Moreover, in the said embodiment, the control part 110 is analyzing the driver | operator's D body motion using the 2nd image in which the resolution was reduced (said step S16). However, the analysis of the body motion is not limited to such a form, and may be performed on the first image acquired from the camera 21. In this case, in the functional configuration described above, the resolution conversion unit 13 may be omitted. In the above processing procedure, step S15 may be omitted.

＜４．３＞
上記ステップＳ１２〜１４における顔の挙動の解析、ステップＳ１６における身体動作の解析、ステップＳ１８における重み付け、及びステップＳ１９における運転者Ｄの状態の推定には、それぞれの処理を機械学習した学習済みの学習器（例えば、ニューラルネットワーク等）を利用してもよい。例えば、顔の挙動の解析及び身体動作の解析それぞれには、撮影画像を利用するため、その学習器には、畳み込み層とプーリング層とが交互に接続した構造を有する畳み込みニューラルネットワークを用いるのが好ましい。また、過去の推定結果を反映するためには、学習器には、例えば、中間層から入力層への経路のように、内部にループを有する再帰型ニューラルネットワークを用いるのが好ましい。 <4.3>
For the analysis of the behavior of the face in steps S12 to S14, the analysis of the body movement in step S16, the weighting in step S18, and the estimation of the state of the driver D in step S19, the learning is performed by machine learning. A container (eg, a neural network) may be used. For example, a captured image is used for each of the analysis of the facial behavior and the analysis of the body movement, so that the learning device uses a convolutional neural network having a structure in which convolutional layers and pooling layers are alternately connected. preferable. In order to reflect past estimation results, it is preferable to use a recursive neural network having a loop inside, such as a path from the intermediate layer to the input layer, for example.

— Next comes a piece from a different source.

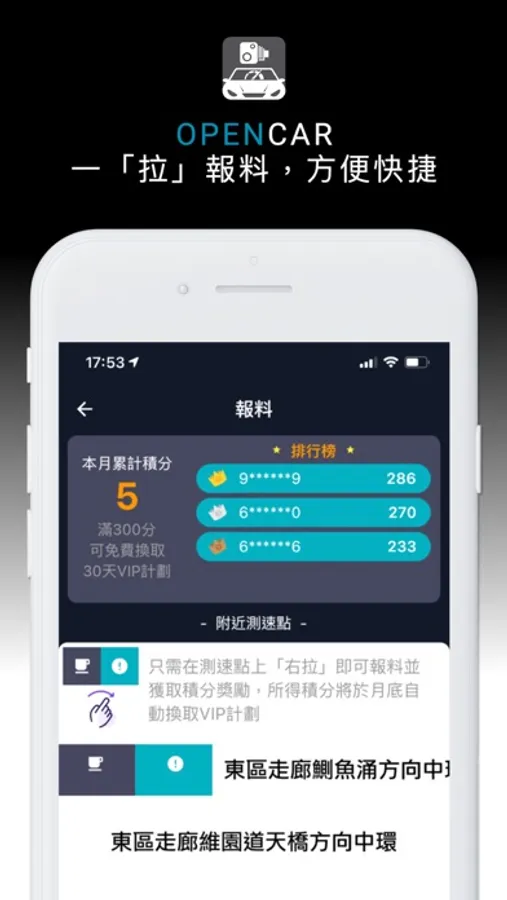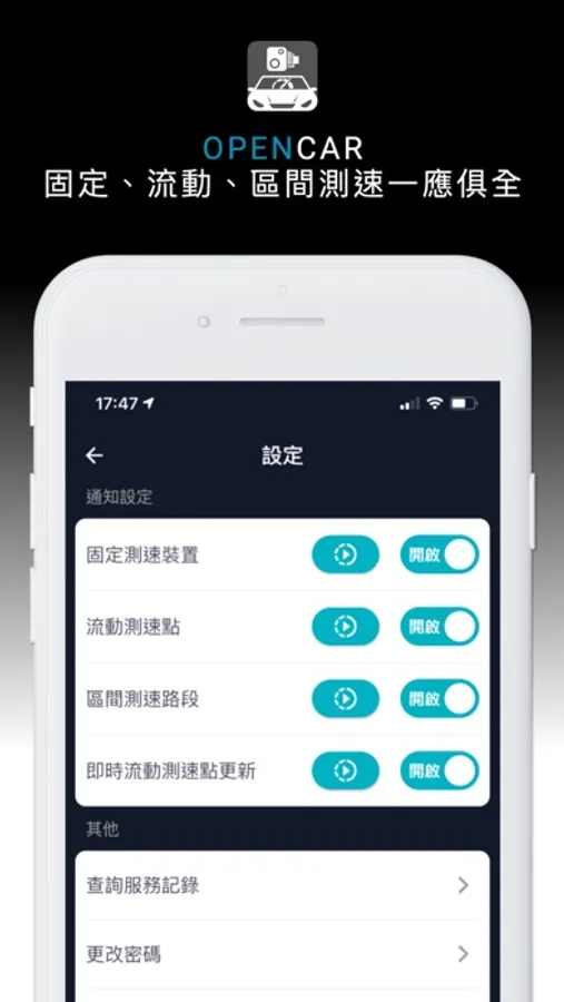 OPENCAR 收集全港流動測速、快相位置,自動提示駕駛者。能夠在待機狀態下運作,不影響播歌或導航程式使用。

図１４は、再帰型ニューラルネットワークを利用して第２解析部１４を構成した例を示す。第２解析部１４を構成する再帰型ニューラルネットワークは、いわゆる深層学習に利用される多層構造のニューラルネットワークである。図１４の例では、制御部１１０は、時刻ｔ＝０、１、・・・、Ｔ−１、Ｔまでの間に取得された第２画像の各フレームをニューラルネットワークの入力層に入力する。そして、制御部１１０は、入力側から順に、各層に含まれる各ニューロンの発火判定を行う。これにより、制御部１１０は、ニューラルネットワークから身体動作の解析結果を示す出力を得る。 FIG. 14 shows an example in which the second analysis unit 14 is configured using a recursive neural network. The recursive neural network constituting the second analysis unit 14 is a multilayered neural network used for so-called deep learning. In the example of FIG. 14, the control unit 110 inputs each frame of the second image acquired between time t = 0, 1,..., T−1, T to the input layer of the neural network. Then, the control unit 110 determines firing of each neuron included in each layer in order from the input side. Thereby, the control part 110 obtains the output which shows the analysis result of a body movement from a neural network.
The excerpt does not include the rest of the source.